TASK STATEMENT
Write out the lines of the material below exactly, beginning at the line with "Part of our" and stopping after the line with "The perfect bed", and leave out the pictures.

THE INPUT
- - -

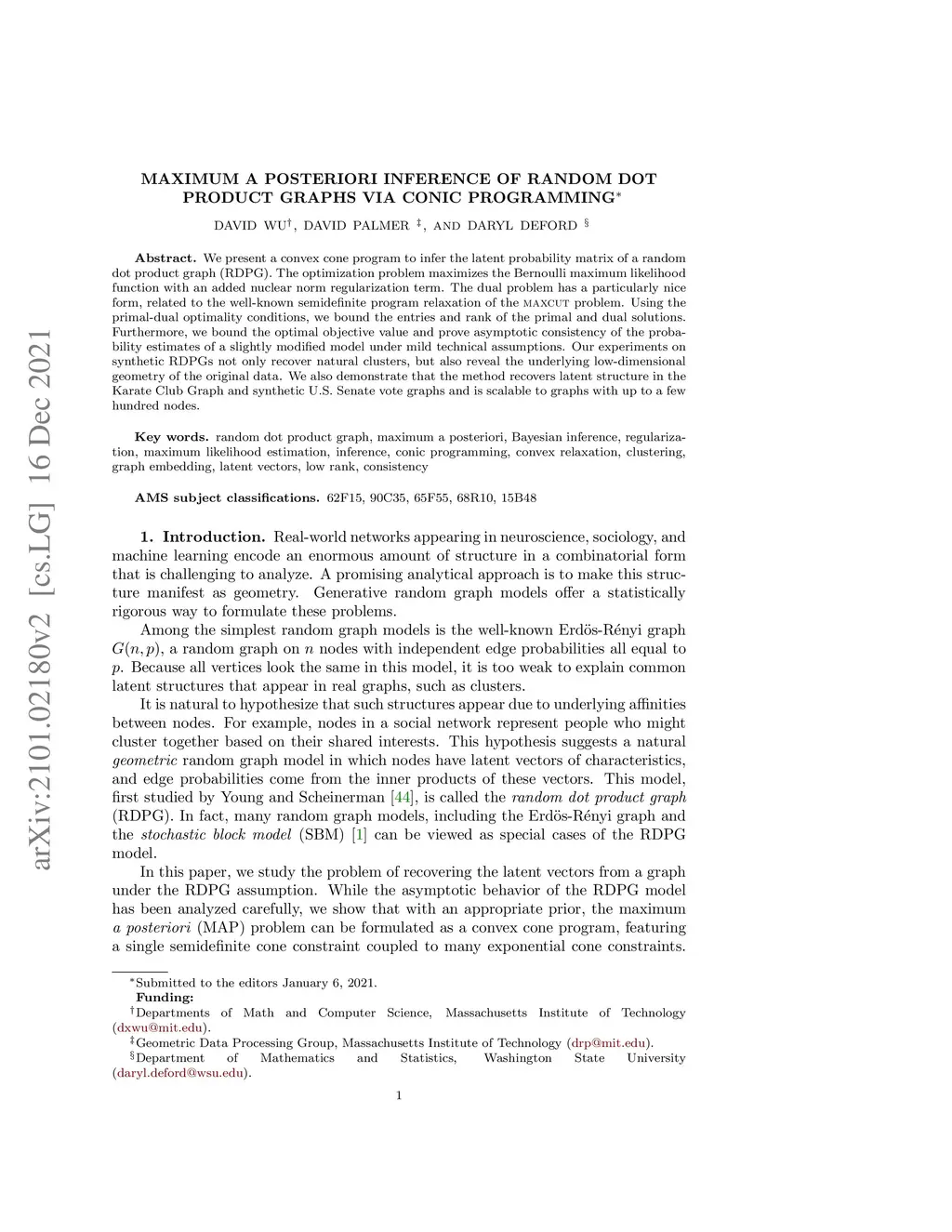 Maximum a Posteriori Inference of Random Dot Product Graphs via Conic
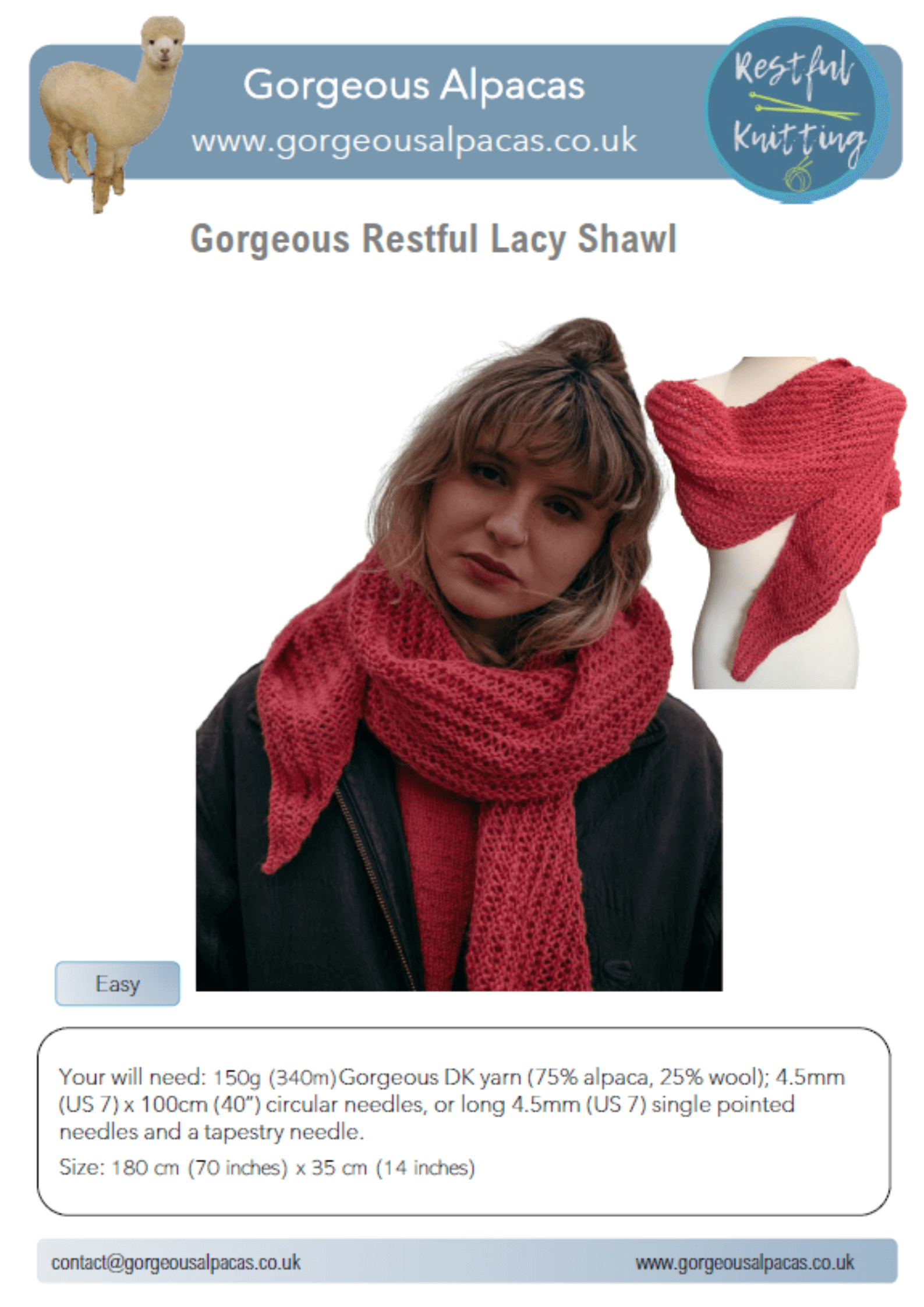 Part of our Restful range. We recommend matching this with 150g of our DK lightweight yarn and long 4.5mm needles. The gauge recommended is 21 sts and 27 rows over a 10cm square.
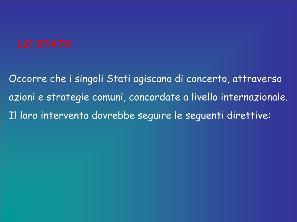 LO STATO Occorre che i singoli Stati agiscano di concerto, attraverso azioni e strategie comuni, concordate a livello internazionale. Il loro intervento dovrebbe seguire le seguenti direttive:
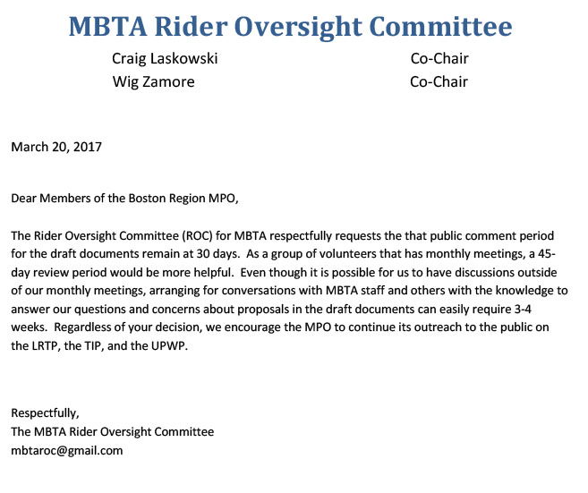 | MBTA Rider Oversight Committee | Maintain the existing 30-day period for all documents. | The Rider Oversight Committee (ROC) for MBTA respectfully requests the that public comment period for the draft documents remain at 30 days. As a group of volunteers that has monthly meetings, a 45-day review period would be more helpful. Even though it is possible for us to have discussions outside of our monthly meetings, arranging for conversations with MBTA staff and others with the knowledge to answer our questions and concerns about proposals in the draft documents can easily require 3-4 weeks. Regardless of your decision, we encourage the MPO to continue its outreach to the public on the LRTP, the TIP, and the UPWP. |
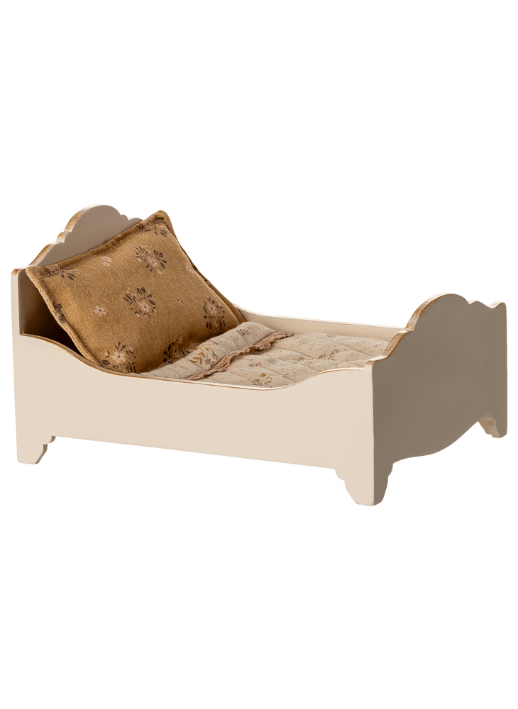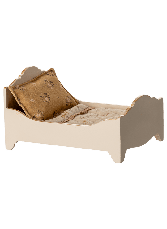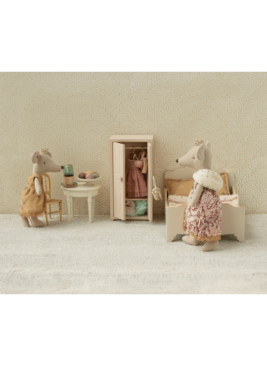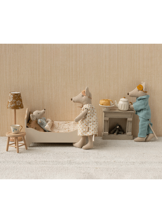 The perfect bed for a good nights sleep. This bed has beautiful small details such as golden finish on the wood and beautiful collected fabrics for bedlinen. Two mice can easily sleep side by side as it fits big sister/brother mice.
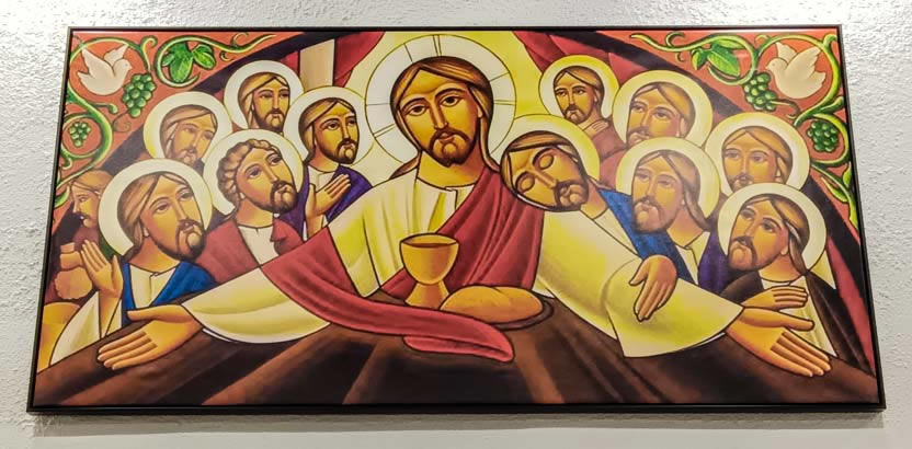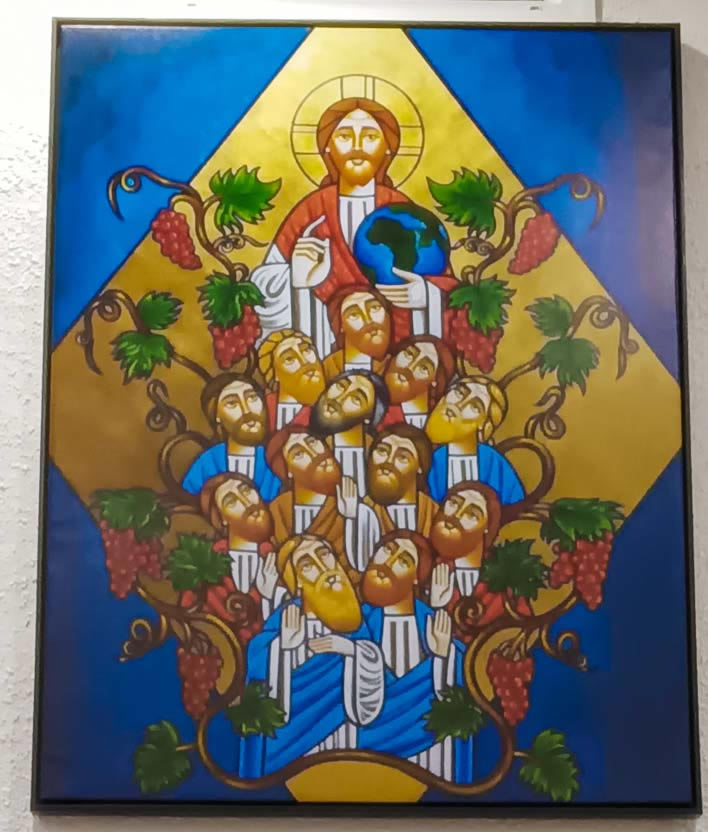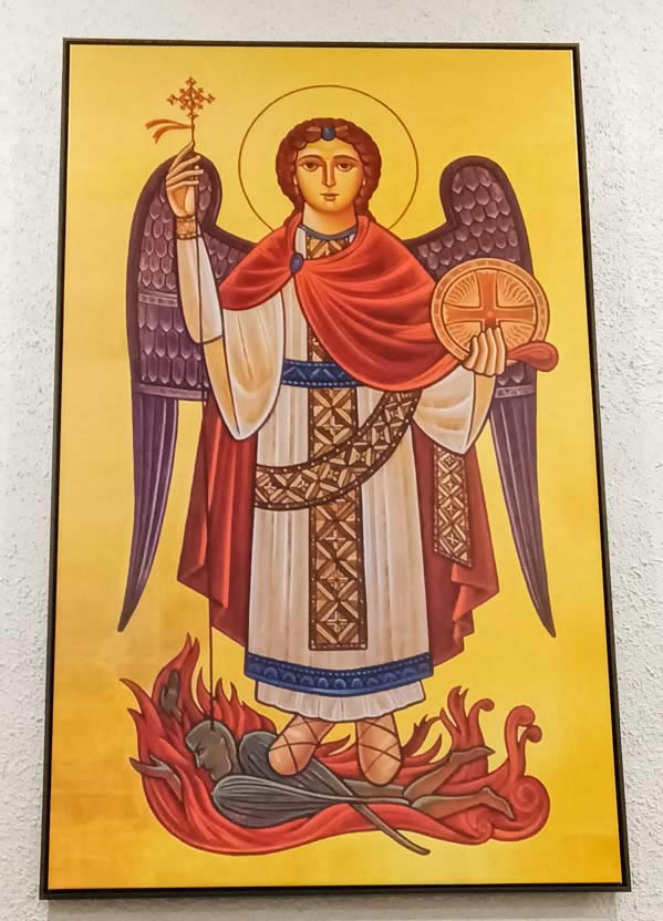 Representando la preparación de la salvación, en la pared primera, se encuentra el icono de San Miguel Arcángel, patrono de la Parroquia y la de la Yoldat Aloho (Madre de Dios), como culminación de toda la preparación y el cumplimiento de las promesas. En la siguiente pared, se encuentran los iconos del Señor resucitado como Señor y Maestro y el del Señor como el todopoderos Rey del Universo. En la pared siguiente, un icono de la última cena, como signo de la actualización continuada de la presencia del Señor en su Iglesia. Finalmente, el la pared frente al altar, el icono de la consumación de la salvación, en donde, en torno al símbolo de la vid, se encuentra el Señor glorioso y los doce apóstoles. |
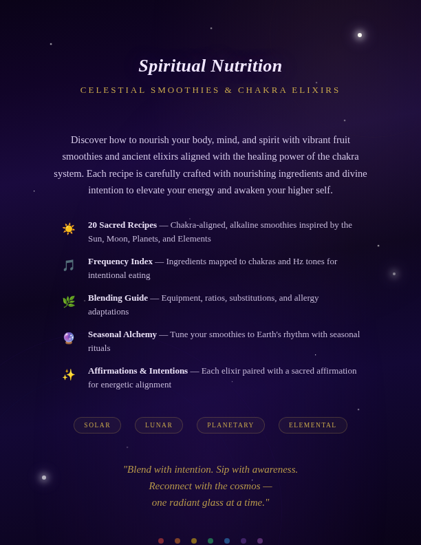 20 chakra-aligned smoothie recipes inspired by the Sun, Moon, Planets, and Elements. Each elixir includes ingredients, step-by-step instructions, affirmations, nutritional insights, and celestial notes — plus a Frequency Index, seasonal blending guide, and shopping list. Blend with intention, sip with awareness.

- - -

SOLUTION TO THIS TASK
 Part of our Restful range. We recommend matching this with 150g of our DK lightweight yarn and long 4.5mm needles. The gauge recommended is 21 sts and 27 rows over a 10cm square.
 LO STATO Occorre che i singoli Stati agiscano di concerto, attraverso azioni e strategie comuni, concordate a livello internazionale. Il loro intervento dovrebbe seguire le seguenti direttive:
 | MBTA Rider Oversight Committee | Maintain the existing 30-day period for all documents. | The Rider Oversight Committee (ROC) for MBTA respectfully requests the that public comment period for the draft documents remain at 30 days. As a group of volunteers that has monthly meetings, a 45-day review period would be more helpful. Even though it is possible for us to have discussions outside of our monthly meetings, arranging for conversations with MBTA staff and others with the knowledge to answer our questions and concerns about proposals in the draft documents can easily require 3-4 weeks. Regardless of your decision, we encourage the MPO to continue its outreach to the public on the LRTP, the TIP, and the UPWP. |
 The perfect bed for a good nights sleep. This bed has beautiful small details such as golden finish on the wood and beautiful collected fabrics for bedlinen. Two mice can easily sleep side by side as it fits big sister/brother mice.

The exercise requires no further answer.